Department of Medicine, University of British Columbia.
Centre for Heart Lung Innovation, St. Paul's Hospital, Vancouver, British Columbia, Canada.
Curr Opin Pulm Med. 2018 Sep;24(5):461-468. doi: 10.1097/MCP.0000000000000509.
Accurate diagnosis of interstitial lung diseases (ILDs) can be challenging, and a substantial percentage of ILD patients remain unclassifiable even after thorough assessment by an experienced multidisciplinary team. In this review, we summarize the recent literature on the definition, prevalence, diagnosis, treatment, and prognosis of unclassifiable ILD, and also discuss important current issues and provide future perspectives on the classification of ILD.
Approximately 12% of patients with ILD are considered unclassifiable, with large variability across previous studies that is in part secondary to inconsistent definitions of unclassifiable ILD and other ILD subtypes. A recent International Working Group suggested that unclassifiable ILD should be defined by the absence of a leading diagnosis that is considered more likely than not after multidisciplinary discussion of all available information. Clinical features and outcomes of unclassifiable ILD are intermediate between idiopathic pulmonary fibrosis and nonidiopathic pulmonary fibrosis ILD cohorts, and choices for pharmacotherapy should be considered on a case-by-case basis.
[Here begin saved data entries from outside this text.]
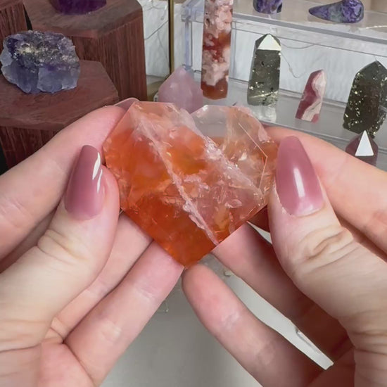Feuerquarz, auch Hämatoidquarz genannt, ist eine Varietät von Quarz, die durch Einschlüsse von Hämatit ihre charakteristische rot-orange bis braune Färbung erhält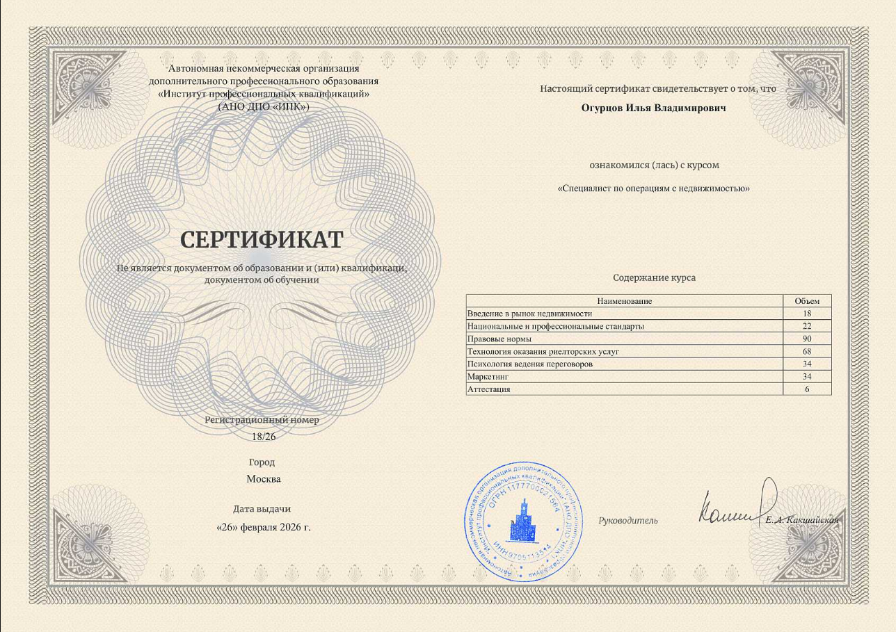 Большое Спасибо Илье, очень грамотный специалист. Оформили сделку легко и быстро. Если во время оформления возникали вопросы, всегда был на связи! Профи своего дела, и хороший человек. Рекомендую 👍. Всех друзей и знакомых буду направлять только к Илье.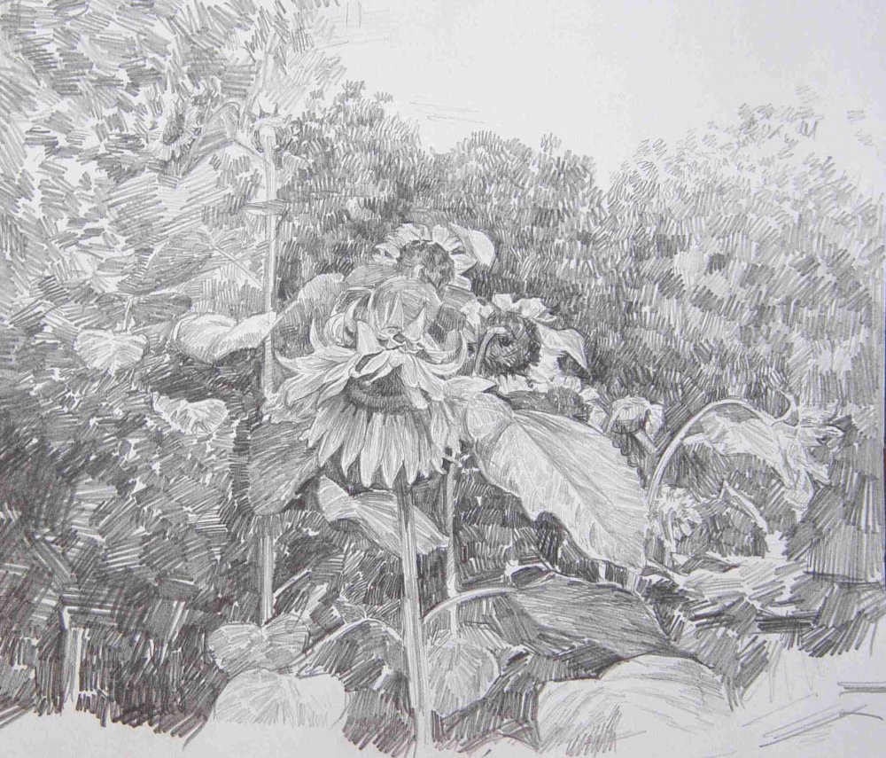 Кожин С.Л.Подсолнухи.2004.Бумага,графитный карадаш.22х19см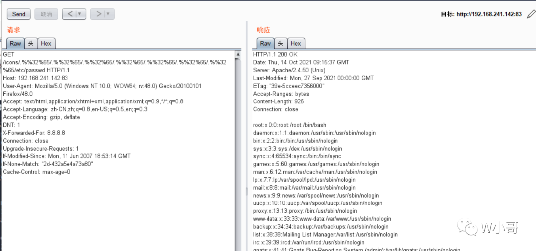GET /icons/.%%32%65/.%%32%65/.%%32%65/.%%32%65/.%%32%65/.%%32%65/.%%32%65/etc/passwd HTTP/1.1Host: 192.168.241.142:83User-Agent: Mozilla/5.0 (Windows NT 10.0; WOW64; rv:48.0) Gecko/20100101 Firefox/48.0Accept: text/html,application/xhtml+xml,application/xml;q=0.9,*/*;q=0.8Accept-Language: zh-CN,zh;q=0.8,en-US;q=0.5,en;q=0.3Accept-Encoding: gzip, deflateDNT: 1X-Forwarded-For: 8.8.8.8Connection: closeUpgrade-Insecure-Requests: 1If-Modified-Since: Mon, 11 Jun 2007 18:53:14 GMTIf-None-Match: "2d-432a5e4a73a80"Cache-Control: max-age=0
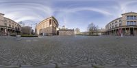 A fisheye lens captures the reflection of three classic architecture buildings in the center of a street in Berlin. The symmetrical facade and straight road create a sense of urban design and city life.

Recent studies have provided additional data on the clinical features and prognosis of unclassifiable ILD, but also highlight the many uncertainties that still exist in ILD diagnosis and classification. New tools are needed to more accurately characterize patients with unclassifiable ILD.
准确诊断间质性肺疾病(ILDs)具有挑战性,即使在经验丰富的多学科团队进行全面评估后,仍有相当一部分 ILD 患者无法分类。在这篇综述中,我们总结了最近关于无法分类的 ILD 的定义、患病率、诊断、治疗和预后的文献,并讨论了当前的重要问题,并对 ILD 的分类提供了未来的观点。
大约 12%的ILD 患者被认为是无法分类的,这在以前的研究中有很大的差异,部分原因是无法分类的 ILD 和其他 ILD 亚型的定义不一致,以及其他因素。最近的一个国际工作组建议,无法分类的 ILD 应该定义为在对所有可用信息进行多学科讨论后,没有一个被认为更有可能的主要诊断。无法分类的 ILD 的临床特征和结局介于特发性肺纤维化和非特发性肺纤维化 ILD 队列之间,药物治疗的选择应根据具体情况考虑。
最近的研究提供了更多关于无法分类的 ILD 的临床特征和预后的数据,但也强调了ILD 诊断和分类中仍然存在许多不确定因素。需要新的工具来更准确地描述无法分类的 ILD 患者。